What these commitments involve Yovel spells out through an analysis of the two most famous dicta of the Preface: "everything depends on comprehending and expressing the true not as substance, but equally also as subject" (95); and "the true is the whole" (102). With respect to the first, Yovel argues that it involves an ontological claim about the nature of being or reality, namely, that it is not static but develops in subject-like fashion by negating, differentiating, and positing itself. It is difficult not to see this, however, as a return to pre-Kantian metaphysics or at least to Schellingian pantheism. But Yovel further argues that being or reality has this subject-like character precisely because it is constituted by human activity and knowledge. It is spirit, not nature, that develops through negation, differentiation, and self-particularization. This seems right, but it also seems to blur the distinction between Yovel's "ontological" reading of Hegel and the post-Kantian, nonmetaphysical reading of Hegel he putatively rejects. If there is a weakness in Yovel's account, it is that it does not engage the issues raised by the post-Kantian reading of Hegel in sufficient detail or depth.

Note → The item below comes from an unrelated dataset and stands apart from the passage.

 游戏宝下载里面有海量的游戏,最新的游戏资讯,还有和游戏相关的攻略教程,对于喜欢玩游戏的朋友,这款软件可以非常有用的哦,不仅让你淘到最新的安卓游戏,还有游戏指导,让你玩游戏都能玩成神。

One of the most helpful things Yovel does in both his introduction and his commentary is to bring out the implicit targets of Hegel's polemical attacks in the Preface. The Phenomenology marks a crucial turning-point in the history of German idealism -- Yovel calls it "a document of divorce" (45) -- and in the Preface Hegel incisively highlights his fundamental differences with his predecessors Fichte, Schelling, and Hölderlin. I have already said something about Hegel's rejection of Schelling's and Hölderlin's romantic understanding of absolute knowledge in terms of intellectual intuition, but his criticism of Fichte's subjective idealism is equally important. Though Hegel credits Fichte with being the first to go beyond Kant's merely critical idealism and to establish philosophy on an absolute and scientific basis, he ultimately criticizes him for applying his principle of self-identity, the famous I=I, in a completely formalistic way. In Fichte, self-identity is merely "the shapeless recurrence of the same, which is applied externally to diverse materials," instead of "a richness that flows out of itself, and a self-determining differentiation of shapes" (90-91). In other words, Fichte conceives of the absolute as an abstract, rather than a concrete, universal.

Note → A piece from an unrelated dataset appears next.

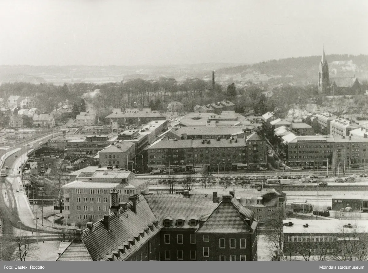 Mölndal en vinterdag 1993-1994. Vy från Trädgården, över Kvarnbyskolan, mot bebyggelse i Mölndals centrum. Till vänster Mölndals Bro, till höger Fässbergs kyrka.

Fichte, Schelling, Hölderlin, and Hegel all saw themselves as completing the revolution in philosophy inaugurated by Kant. To what extend did they succeed? In the final section of his introduction, Yovel considers this question specifically with respect to Hegel. Hegel's crucial departure from Kant lies in his rejection of the latter's insistence on the finitude of human reason. Yovel ultimately finds it hard to follow Hegel in this regard, siding instead with Kant's "more sober, profound, secular, and disillusioned view of the human (and modern) condition" (57). This judgment reflects the objectivity and evenhandedness of Yovel's approach to Hegel throughout the text. "A fair historian of philosophy," he writes, "must recognize that the metaphysics of absolute spirit was essential to Hegel's own project, even if it is incongruent with the aims of many who are otherwise deeply indebted to him" (57). If Hegel is to remain a vital and indispensable philosopher for us -- and Yovel believes he certainly should -- we must be careful to avoid his claims to absolute knowledge, to totality, infinity, and closure. "The result will be a free, historicized, and semidialectical philosophizing" that accepts "human finitude and contingency, the lack of a final synthesis." Such philosophizing may not correspond exactly to the historical Hegel, but -- as Yovel justly comments -- neither would it "have been possible without him" (61-62).